Бермудский треугольник. Юрий Бондарев
Поджог рейхстага! Смотри, какое значительное совпадение – тридцать третий и девяносто третий! Это только начало чудовищной трагедии! Быть гражданской войне и неслыханному океану кровавых слез – которые вторым потопом зальют Россию от края до края! Ох, не хотелось бы! Как это сказал твой спаситель в свитере – «простить сумасшедших?» Да, безумные, жестокие, кровожадные дикари! Поистине сердца сынов человеческих исполнены зла, безумие гнездится в их сердце. По-моему, так или умнее сказано у мудрейшего проповедника Экклесиаста! Пришел я от Дома Советов, Андрюша, и с горя по-стариковскому разумению подумал о Библии. Все, что было, есть и будет… В колодцах мудрых – великая печаль сжигает душу. Пророки писали вечную книгу жизни и думали о Боге, бесславной судьбе человечества, испортившего себя в жалкой суете сует и жестоком томлении духа!
И Демидов с темным румянцем на скулах повернул к крайним стеллажам, где стояли перечитываемые им книги: как видно, он хотел достать Библию.

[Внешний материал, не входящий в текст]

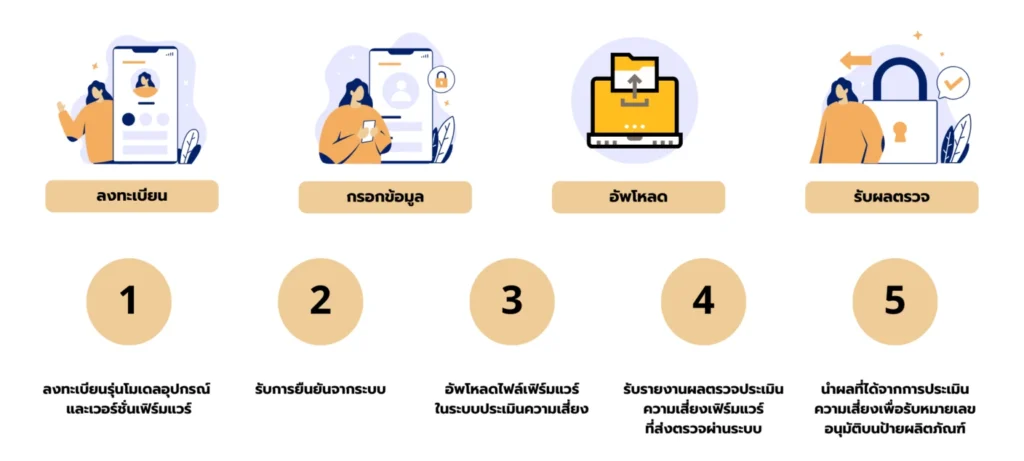 ทางสมาคมส่งเสริมนวัตกรรมเทคโนโลยีไซเบอร์ มีขั้นตอนการตรวจสอบผ่านระบบแพลตฟอร์มเพื่อใช้ในการตรวจสอบช่องโหว่และความเสี่ยงที่เกิดขึ้นกับระบบเฟิร์มแวร์จากอุปกรณ์ IoT

– Не надо, – сказал устало Андрей. – Не надо никаких мудростей, дедушка. Все просто и примитивно, и нечему удивляться и говорить: «Ах, ах, как это возможно? Какая бесчеловечность!» И не надо устрашаться, дедушка: гражданская война, кровь… По тому, как демократы уничтожали Верховный Совет, можно надеяться, что они с поклонами отдадут народу власть? Никогда! Они будут раздирать на куски, грабить, расхищать, высасывать все соки из России еще сто лет, пока не превратят ее в мировую помойку или в кладбище радиоактивных отходов!
– Охо-хо, ты говоришь об агонии России. Я боюсь, внук, большая кровь будет гибельна для славян.
– Меня не радует быть русским рабом с гибкой спиной. Я не хочу зашнуровывать ботинки какому-нибудь американскому гауляйтеру Смиту или какому-нибудь немецкому налитому пивом Мюллеру. Меня не пугает гражданская война, дорогой дедушка. Что бы ни было, вместе со всеми… что ж… иначе – яма, гестапо и демократические гулаги, милый, дорогой дедушка…
Демидов, стоя боком у стеллажей, так и не взял книгу, взбудораженно порылся в растрепанной бороде.
– Погоди, что сей сон значит? Откуда новые эпитеты – «милый, дорогой дедушка?» Уж лучше тогда из Чехова – «милый дедушка, Константин Макарыч, и пишу тебе письмо». Ирония, мой внук, со мной ни к чему!
– Не знаю, что-то такое… не хотел… Прости, что-то не так… – признался Андрей и пощупал пальцами лоб, где, не переставая, пульсировала боль, коснулся заклеенной пластырем щеки и стиснул зубы. Комок бессильных, заледеневших в горле слез схватывал дыхание, и он договорил тускло: – Не могу забыть, дедушка…
– Если, Андрей, всю пакость сохранять в памяти, так долго не выдержишь.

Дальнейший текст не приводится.